Dans le même temps, cet ardent défenseur de la démocratie sous Franco évolue dans l’arène politique. Au cours des années 1970, il est membre de plusieurs commissions gouvernementales puis, à la charnière du franquisme et de la démocratisation du pays, sous-secrétaire du Ministre de l’Éducation et des Sciences. Parlementaire et conseiller auprès du Premier ministre centriste Adolfo Suarez, il est, de décembre 1981 à décembre 1982, Ministre de L’Éducation et de la Science du gouvernement dirigé par un autre centriste, Leopoldo Calvo Sotelo. En 1987, il est élu député européen.
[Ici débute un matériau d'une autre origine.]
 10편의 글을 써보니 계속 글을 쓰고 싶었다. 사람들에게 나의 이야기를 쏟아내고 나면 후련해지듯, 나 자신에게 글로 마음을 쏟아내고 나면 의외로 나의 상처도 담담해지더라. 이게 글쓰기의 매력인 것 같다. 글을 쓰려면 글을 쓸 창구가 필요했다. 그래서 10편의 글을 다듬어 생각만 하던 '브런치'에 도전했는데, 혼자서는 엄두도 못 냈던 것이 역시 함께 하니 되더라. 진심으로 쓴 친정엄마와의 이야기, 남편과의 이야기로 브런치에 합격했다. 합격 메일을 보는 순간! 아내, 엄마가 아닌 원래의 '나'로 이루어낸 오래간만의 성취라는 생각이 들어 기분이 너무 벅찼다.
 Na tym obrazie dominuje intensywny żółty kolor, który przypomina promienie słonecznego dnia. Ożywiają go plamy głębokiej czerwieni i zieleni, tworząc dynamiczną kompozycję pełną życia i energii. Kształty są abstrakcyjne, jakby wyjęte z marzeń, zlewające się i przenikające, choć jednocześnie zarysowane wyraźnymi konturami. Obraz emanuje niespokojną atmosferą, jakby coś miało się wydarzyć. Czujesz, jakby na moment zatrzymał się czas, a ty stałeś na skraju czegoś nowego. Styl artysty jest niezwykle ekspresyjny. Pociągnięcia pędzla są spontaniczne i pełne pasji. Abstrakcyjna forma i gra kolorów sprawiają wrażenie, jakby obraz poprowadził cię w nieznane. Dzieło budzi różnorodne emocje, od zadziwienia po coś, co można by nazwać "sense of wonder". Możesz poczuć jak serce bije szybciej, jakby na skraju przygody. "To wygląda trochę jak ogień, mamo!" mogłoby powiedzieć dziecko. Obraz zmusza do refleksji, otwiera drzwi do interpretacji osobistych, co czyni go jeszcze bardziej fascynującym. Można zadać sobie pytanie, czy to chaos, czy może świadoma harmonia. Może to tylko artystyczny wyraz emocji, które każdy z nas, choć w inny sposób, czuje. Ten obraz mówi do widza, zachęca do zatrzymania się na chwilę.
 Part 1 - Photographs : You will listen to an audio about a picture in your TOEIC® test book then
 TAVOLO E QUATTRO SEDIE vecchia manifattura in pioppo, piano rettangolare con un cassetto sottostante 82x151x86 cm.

Celui que Garcia Marquez qualifie d’« optimiste insatiable » mène également une carrière diplomatique. Directeur général adjoint de l’UNESCO de 1978 à 1981, il est, de 1983 à 1984, conseiller spécial du Directeur général auquel il succède en 1987. C’est sous sa direction que l’institution onusienne crée le programme Déclaration et Plan d’Action d’une Culture de la Paix. En 2000, un an après la fin de son deuxième mandat, il crée à Madrid la Fondation Culture de Paix qu’il dirige toujours aujourd’hui. Son objectif est de « promouvoir une culture de paix, les droits de l’homme, la non-violence, la tolérance et le dialogue entre les civilisations ». En font notamment partie les Prix Nobel de la Paix Oscar Arias Sanchez, Mikhaïl Gorbatchev, Rigoberto Menchú, Adolfo Pérez Esquivel, Simón Peres ou Desmond Tutu.

« Nous devons nous libérer de la peur pour agir en tant que citoyens, a déclaré son initiateur à Global Education Magazine en janvier 2013. Nous ne devons pas être des spectateurs passifs. Si nous voulons être acteurs de l'avenir, si nous voulons que beaucoup de choses changent, elles changeront. Nous devons être très actifs, participer, être engagés. »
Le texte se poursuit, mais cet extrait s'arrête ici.